Later that same morning, about 5:06AM:
I realize I never bothered to look at the insert in the box the pain meds came in. I only had to medicate Bob for four days, so why get involved with reading miniscule type with my old people eyeballs?
Really, how bad could it be?
Then I went online and saw THIS.
WHAT
THE
#^#$!?!
Apparently Metacam is NOT approved for use in
CATS
Last I checked, BOB IS A
CAT!
And WHY didn't anyone bother to tell me it has known side effects of
ACUTE (horrible terms since it's far from CUTE) RENAL FAILURE!
This is for a CAT who is at least 15. It would be one thing if Bob was young, maybe he would have better odds of surviving this stuff, but GEEZUS. Maybe we should have let him suffer for a few days with a sore tooth hole and not risk
KILLING HIM!!!!!
Just makes sense to me and ever more so at about 5:37 am.
So let's be calm. It's just one web site with about 30 horror stories of cats on Metacam. I found another web site that said, hey, it's not THAT bad and since cats can't handle pain killers, this is about the best that can be done for them and the benefits outweigh the risks.
This is like the time I took VIOXX. Wow, did I feel good, but luckily I didn't take it for very long because it could have DIED from it. Oops! Guess the FDA missed that one. Oh and when I took "Yaz---that fun and funky birth control pill that's supposed to make your periods like a blissful day at the spa? Well, I was on it for four months. I didn't SLEEP. I got PMDD, instead of PMS and I was violent and suicidal, but hey, I'm just one dumb person. Probably was something else that did this to me though oddly enough, I slept like a rock and didn't try to off myself when I stopped taking it. Now there's a lawsuit claiming increased numbers of women having Heart Attacks, Strokes and Blood Clots from this crap. Huh. Guess it wasn't just me having problems.
This reminds me of the saying; "That which doesn't kill you, makes you stronger (or more pissed off or have not-cute renal failure)."

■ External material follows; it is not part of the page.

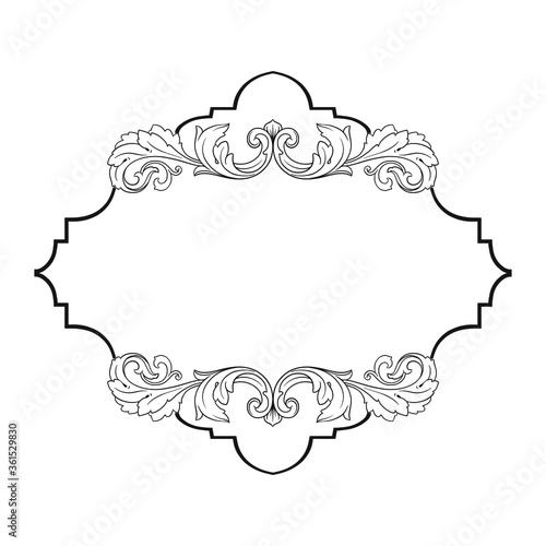 Vintage Ornament Element in baroque style with filigree and floral engrave the best situated for create frame, border, banner. It's hand drawn foliage swirl like victorian or damask design arabesque.

I'm thinking I have to call Dr. Larry and YELL at him, then ask him if I need to bring Bob to the ER. Bob's breathing seems heavy. I'm trying not to flip out. I wake Sam up, because why should I have to have all the fun, alone? I ask him if he remembers seeing Bob use the litter pan or drink water. He remembers one, but not the other, I remember the opposite. Good, so he must have done both? I get Bob to drink warm water mixed with tuna water so I know he's got some fluids on board. I lay down on the hardwood floor, while he sits in the "cat loaf" position on a comfy cat bed. Fat as I may be, I have not nearly enough padding to be comfortable at this point, but I love Bob and I want to watch him. I'm waiting for a sign, telling me I need to get dressed, rush him to VREC in Norwalk and drop about $1,000.00.
Nothing. No sign. My right shoulder and hip are complaining. I'm really tired. Fuck it. I go back to bed, knowing I have to get up in less than two hours because we're signed up to do a dog transport. Ugh.
Of course, I can't get to sleep. I think about the nice lady's web site. She says Metacam is ok. She has complex math that makes my head spin. How many KG's is Bob? How many mL/KG dose did he get? I need my Parents. They did math!
My alarm goes off. What sleep? I get up to check on Bob. Somehow, while I was lying in bed worrying, one of the cats blew this hairball.
I really like how there's a little swooshy tail at the right tip of the hairball. That's classy.
I can't believe I'm going to confess this, but I got two forceps out and "teased" apart the hairball, to see if I could get any idea of what color the fur was. Sure enough, it was Bob's.
He puked up his food because this Mother of a hairball was ready to blast out. Bob's breathing has always been a bit heavy, but he's had ultrasounds done. He should be fine. All that pissing and moaning for nothing?
Maybe yes, maybe no. I'm still going to have a TALK with Dr. Larry about this.
and no, Bob did not get any more Metacam. Nor will he. He ate well, had a nice long nap on the deck. I have yet to see him drink or use the pan, but I will be watching. I WILL BE WATCHING!